Kolmogorov–Smirnov test (K–S test or KS test)
The Kolmogorov-Smirnov statistic determines the probability of two samples coming from the same distribution. It does not make any assumptions about the underlying distribution of the data, making it a nonparametric test.
The K-S test compares the empirical cumulative distribution functions (CDF) of two samples. The empirical CDF of a sample is a function that gives the fraction of the sample that is less than or equal to each value.

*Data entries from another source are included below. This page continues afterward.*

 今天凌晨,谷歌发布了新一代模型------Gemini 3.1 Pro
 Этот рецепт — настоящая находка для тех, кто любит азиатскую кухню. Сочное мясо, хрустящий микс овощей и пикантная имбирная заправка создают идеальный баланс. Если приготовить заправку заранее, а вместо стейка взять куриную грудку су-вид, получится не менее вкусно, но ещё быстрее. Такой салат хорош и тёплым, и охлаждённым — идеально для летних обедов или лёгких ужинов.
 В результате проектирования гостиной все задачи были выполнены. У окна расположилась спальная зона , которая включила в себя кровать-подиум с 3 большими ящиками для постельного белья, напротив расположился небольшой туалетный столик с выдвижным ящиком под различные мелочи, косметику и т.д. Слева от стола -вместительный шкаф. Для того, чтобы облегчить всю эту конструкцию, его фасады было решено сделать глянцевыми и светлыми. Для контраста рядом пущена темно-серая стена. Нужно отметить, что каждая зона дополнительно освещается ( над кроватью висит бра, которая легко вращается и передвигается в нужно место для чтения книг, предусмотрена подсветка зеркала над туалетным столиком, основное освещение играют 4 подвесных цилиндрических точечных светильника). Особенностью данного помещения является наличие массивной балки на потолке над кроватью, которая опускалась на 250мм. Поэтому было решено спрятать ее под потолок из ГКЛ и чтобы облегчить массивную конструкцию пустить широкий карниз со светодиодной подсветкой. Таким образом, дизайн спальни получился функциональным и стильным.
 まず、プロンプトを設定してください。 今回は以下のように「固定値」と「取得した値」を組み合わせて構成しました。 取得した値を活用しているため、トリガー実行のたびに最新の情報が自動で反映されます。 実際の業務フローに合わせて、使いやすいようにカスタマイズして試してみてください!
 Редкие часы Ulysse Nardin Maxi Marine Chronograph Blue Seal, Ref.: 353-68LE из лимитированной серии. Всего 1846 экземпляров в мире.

A level of significance needs to be specified to perform the K-S test, which is the probability of rejecting the null hypothesis (that the two samples come from the same distribution) when it is actually true. The null hypothesis is rejected, and it is determined that the two samples come from different distributions if the K-S test statistic is greater than the critical value for the specified level of significance.
The value of test statistic 'D' is calculated as:
Dn,m =Maximum |P(X)−Q(X)|
Where −
P(X) = cumulative distribution function of sample from P
Q(X) = cumulative distribution function of sample from Q
n is the number of observations from P and m is number of observations from Q.
The K-S test is a popular method for assessing the similarity between two samples. Although it also works with discrete distributions, it is most helpful for comparing samples from continuous distributions.
KS test is used for numerical features. The default threshold is 0.05 in AryaXAI.